*PROBLEM TO SOLVE*: Print the data that follows word for word, leaving out any picture.

*MATERIAL SUPPLIED*:
-------
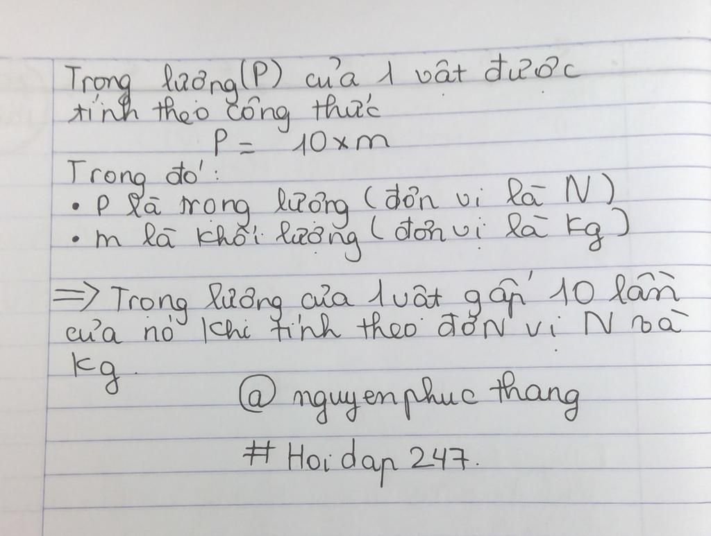 trọng lượng bằng 10 lần khối lượng mà 1kg = 10 N là sao bn
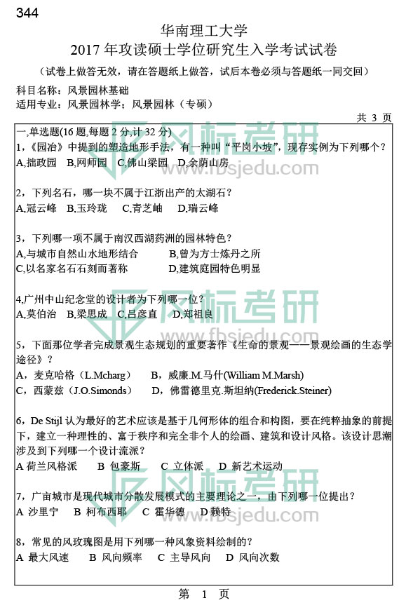 華南理工大學(xué)風(fēng)景園林考研2017年真題:344風(fēng)景園林基礎(chǔ) 發(fā)布時(shí)間:2020-12-04 華南理工大學(xué)風(fēng)景園林考研2017年真題:344風(fēng)景園林基礎(chǔ) 上一篇:華南理工大學(xué)設(shè)計(jì)學(xué)院工業(yè)設(shè)計(jì)考研2017年真題:337設(shè)計(jì)理論(工業(yè)設(shè)計(jì)工程) 下一篇:華南理工大學(xué)設(shè)計(jì)學(xué)考研2017年真題:506命題設(shè)計(jì)
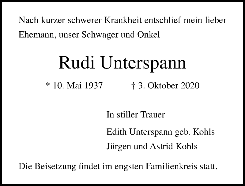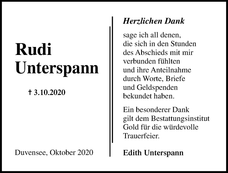 Hier finden Sie alle Traueranzeigen aus der Zeitung, die bisher für Rudi Unterspann erschienen sind. Weitere Traueranzeigen, die in der Zeitung erscheinen, werden hier ebenfalls aufgelistet
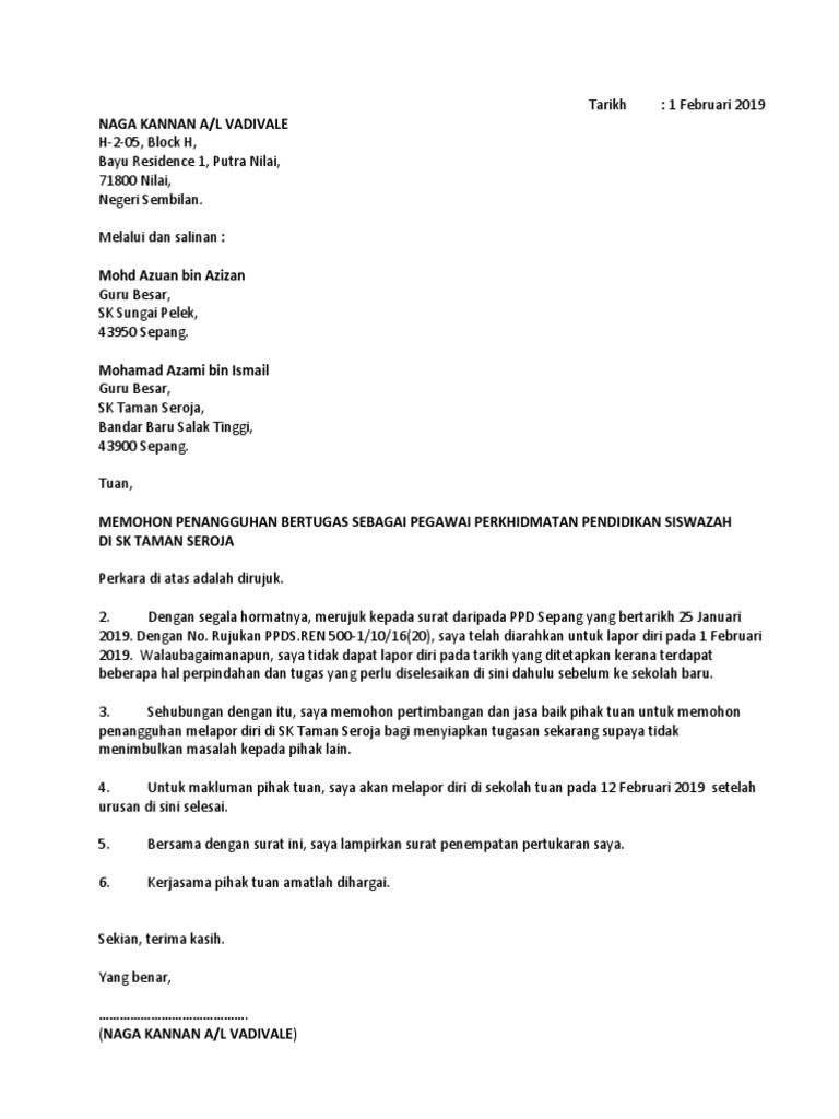 Contoh Surat Rasmi Penangguhan Lapor Diri
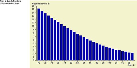 Den gennemsnitlige levealder er stigende, og 30% af brystkræftpatienterne, svarende til over 1.200 tilfælde årligt i Danmark, er ≥ 70 år på diagnosetidspunktet. Gruppen er heterogen, idet der med stigende alder følger øget komorbiditet [1]. Dog kan mere end halvdelen af alle 80-årige kvinder se frem til at fejre deres 88-års-fødselsdag (Figur 1 ). I kontrollerede undersøgelser af behandlingen af primær brystkræft har man koncentreret sig om patienter under 70 år. Det har medført mangel på evidensbaserede retningslinjer for gruppen over 70 år, af hvem en meget stor del ikke modtager samme behandling som de yngre, hyppigt med baggrund alene i deres alder [1-3]. Vi har foretaget en gennemgang af litteraturen med henblik på at afklare, hvilke særlige retningslinjer der bør anbefales for behandling af ældre kvinder med brystkræft.
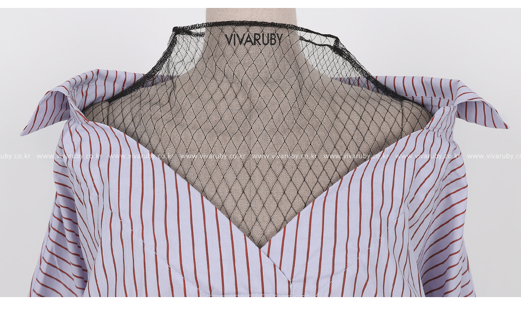 オフショルダー・デザインとネットディテールの組み合わせで
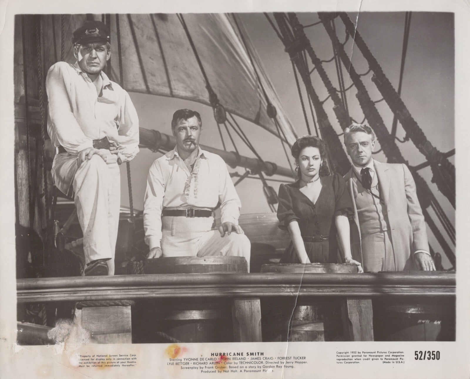 This rare and original vintage movie still features the stunning Yvonne De Carlo, alongside James Craig and Murray Matheson, in a captivating scene from the 1952 action-adventure film Hurricane Smith. Directed by Jerry Hopper, this thrilling movie transports audiences to the exotic South Seas, blending drama, suspense, and romance in a high-stakes tale of treasure, betrayal, and redemption.
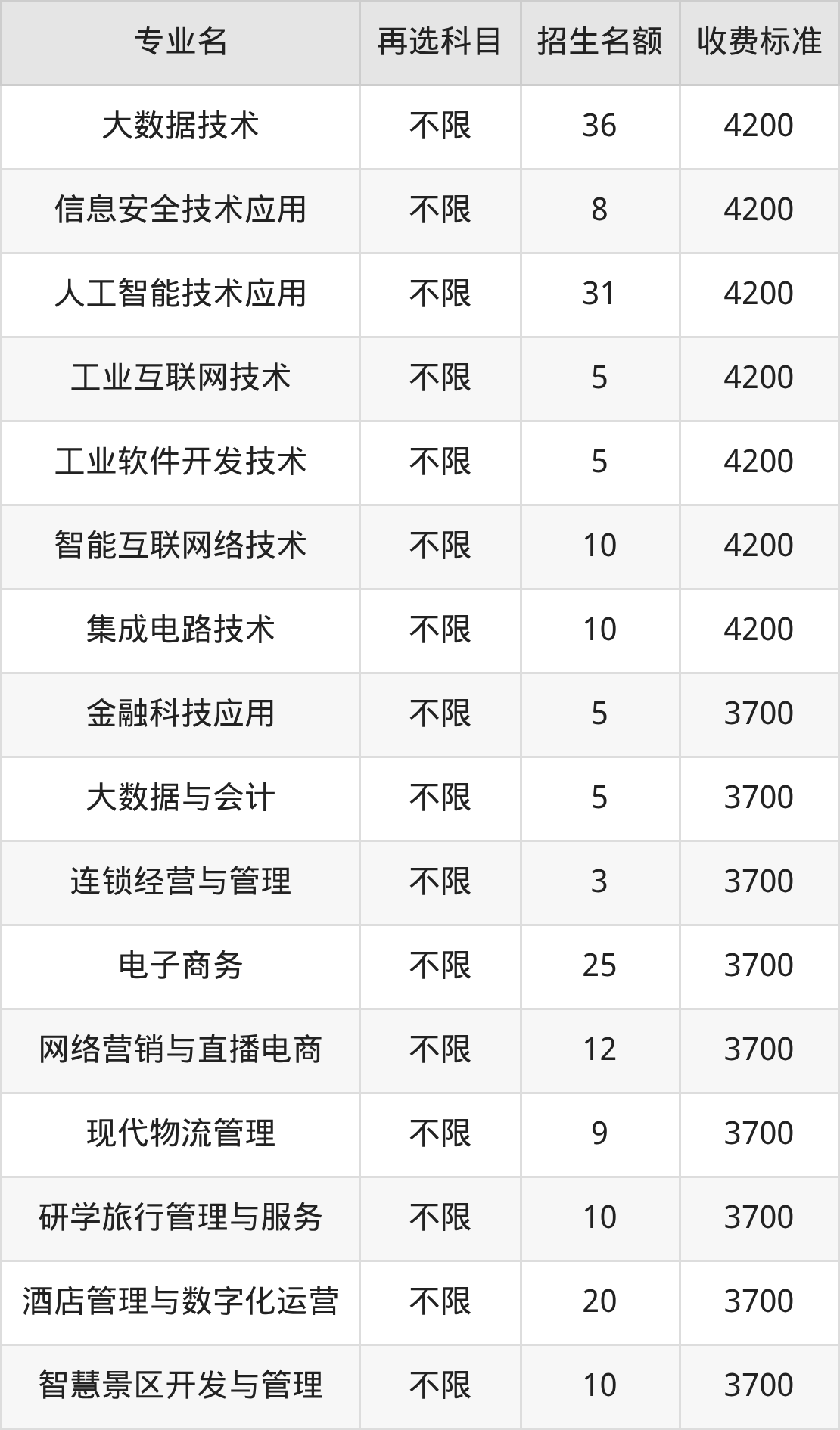 | 高职专科批 | 历史 | 计算机应用技术 | 20 |
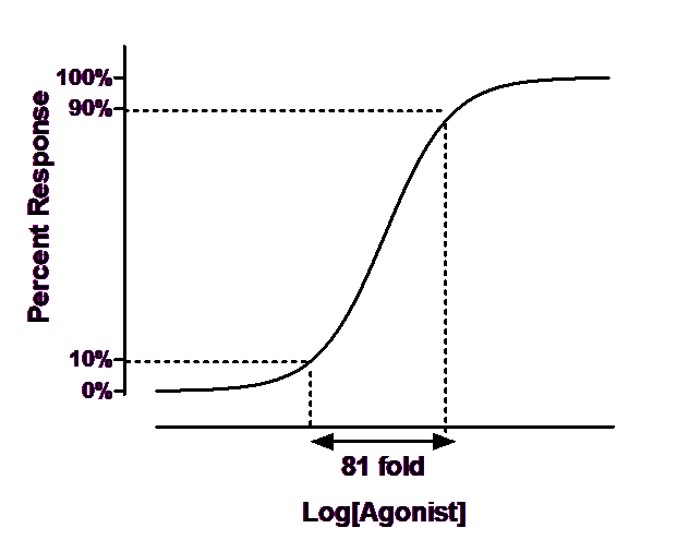 Many dose-response curves follow the shape of a receptor binding curve. As shown below, 81 times more agonist is needed to achieve 90% response than a 10% response.
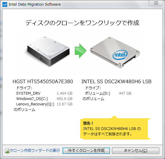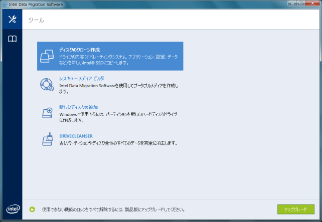 ※Intelの製品が認識できないとインストールできませんので、SSDをPCが認識している状態で行います。 - Intel Data Migration Software を起動して、[ディスクのクローン作成]をクリックします。
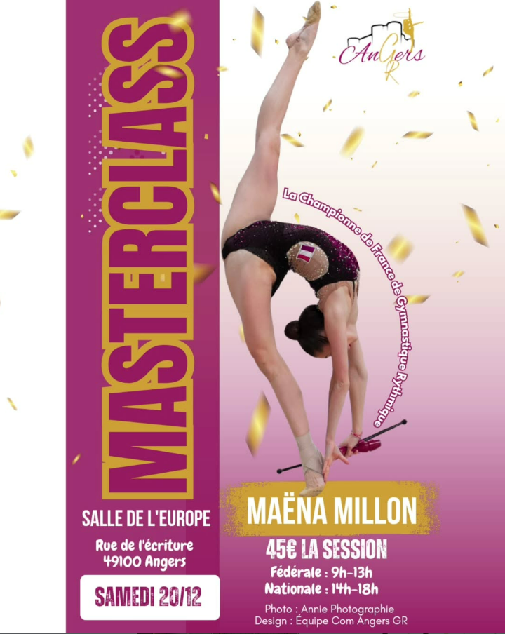 Angers GR est ravi d’accueillir Maëna Millon, jeune gymnaste rythmique talentueuse, sacrée championne de France 2025 en concours général —🇫🇷 une athlète de haut niveau, connue pour sa souplesse, son élégance et son expressivité sur les praticables. Une occasion unique de s’entraîner à ses côtés et de bénéficier de son expertise ! 🤸♀️💫
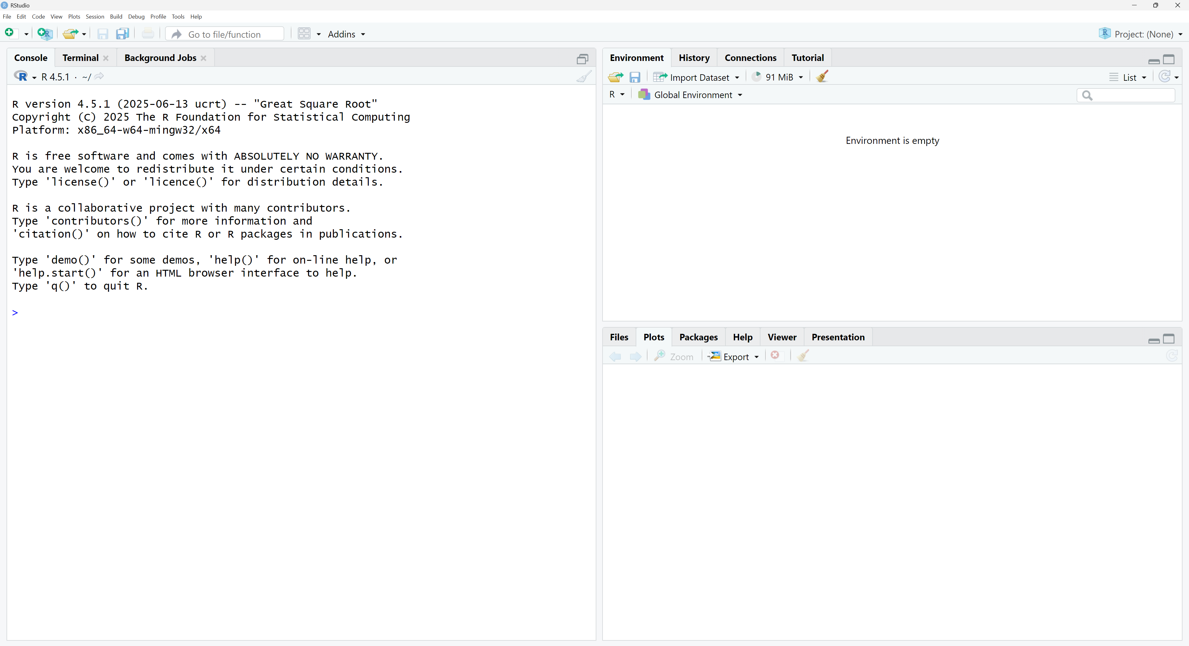 >prompt and press Enter to run it immediately. Printed results, warnings, and error messages appear here. The Terminal tab opens a system shell (Command Prompt on Windows, a Unix shell on macOS); useful for advanced tasks but not needed in ordinary work. Background Jobs manages long-running tasks, another feature for experienced users. - Editor Pane (Top-Left)
-------
*RESULT FOR THIS TASK*:
 trọng lượng bằng 10 lần khối lượng mà 1kg = 10 N là sao bn
 華南理工大學(xué)風(fēng)景園林考研2017年真題:344風(fēng)景園林基礎(chǔ) 發(fā)布時(shí)間:2020-12-04 華南理工大學(xué)風(fēng)景園林考研2017年真題:344風(fēng)景園林基礎(chǔ) 上一篇:華南理工大學(xué)設(shè)計(jì)學(xué)院工業(yè)設(shè)計(jì)考研2017年真題:337設(shè)計(jì)理論(工業(yè)設(shè)計(jì)工程) 下一篇:華南理工大學(xué)設(shè)計(jì)學(xué)考研2017年真題:506命題設(shè)計(jì)
 Hier finden Sie alle Traueranzeigen aus der Zeitung, die bisher für Rudi Unterspann erschienen sind. Weitere Traueranzeigen, die in der Zeitung erscheinen, werden hier ebenfalls aufgelistet
 Contoh Surat Rasmi Penangguhan Lapor Diri
 Den gennemsnitlige levealder er stigende, og 30% af brystkræftpatienterne, svarende til over 1.200 tilfælde årligt i Danmark, er ≥ 70 år på diagnosetidspunktet. Gruppen er heterogen, idet der med stigende alder følger øget komorbiditet [1]. Dog kan mere end halvdelen af alle 80-årige kvinder se frem til at fejre deres 88-års-fødselsdag (Figur 1 ). I kontrollerede undersøgelser af behandlingen af primær brystkræft har man koncentreret sig om patienter under 70 år. Det har medført mangel på evidensbaserede retningslinjer for gruppen over 70 år, af hvem en meget stor del ikke modtager samme behandling som de yngre, hyppigt med baggrund alene i deres alder [1-3]. Vi har foretaget en gennemgang af litteraturen med henblik på at afklare, hvilke særlige retningslinjer der bør anbefales for behandling af ældre kvinder med brystkræft.
 オフショルダー・デザインとネットディテールの組み合わせで
 This rare and original vintage movie still features the stunning Yvonne De Carlo, alongside James Craig and Murray Matheson, in a captivating scene from the 1952 action-adventure film Hurricane Smith. Directed by Jerry Hopper, this thrilling movie transports audiences to the exotic South Seas, blending drama, suspense, and romance in a high-stakes tale of treasure, betrayal, and redemption.
 | 高职专科批 | 历史 | 计算机应用技术 | 20 |
 Many dose-response curves follow the shape of a receptor binding curve. As shown below, 81 times more agonist is needed to achieve 90% response than a 10% response.
 ※Intelの製品が認識できないとインストールできませんので、SSDをPCが認識している状態で行います。 - Intel Data Migration Software を起動して、[ディスクのクローン作成]をクリックします。
 Angers GR est ravi d’accueillir Maëna Millon, jeune gymnaste rythmique talentueuse, sacrée championne de France 2025 en concours général —🇫🇷 une athlète de haut niveau, connue pour sa souplesse, son élégance et son expressivité sur les praticables. Une occasion unique de s’entraîner à ses côtés et de bénéficier de son expertise ! 🤸♀️💫
 >prompt and press Enter to run it immediately. Printed results, warnings, and error messages appear here. The Terminal tab opens a system shell (Command Prompt on Windows, a Unix shell on macOS); useful for advanced tasks but not needed in ordinary work. Background Jobs manages long-running tasks, another feature for experienced users. - Editor Pane (Top-Left)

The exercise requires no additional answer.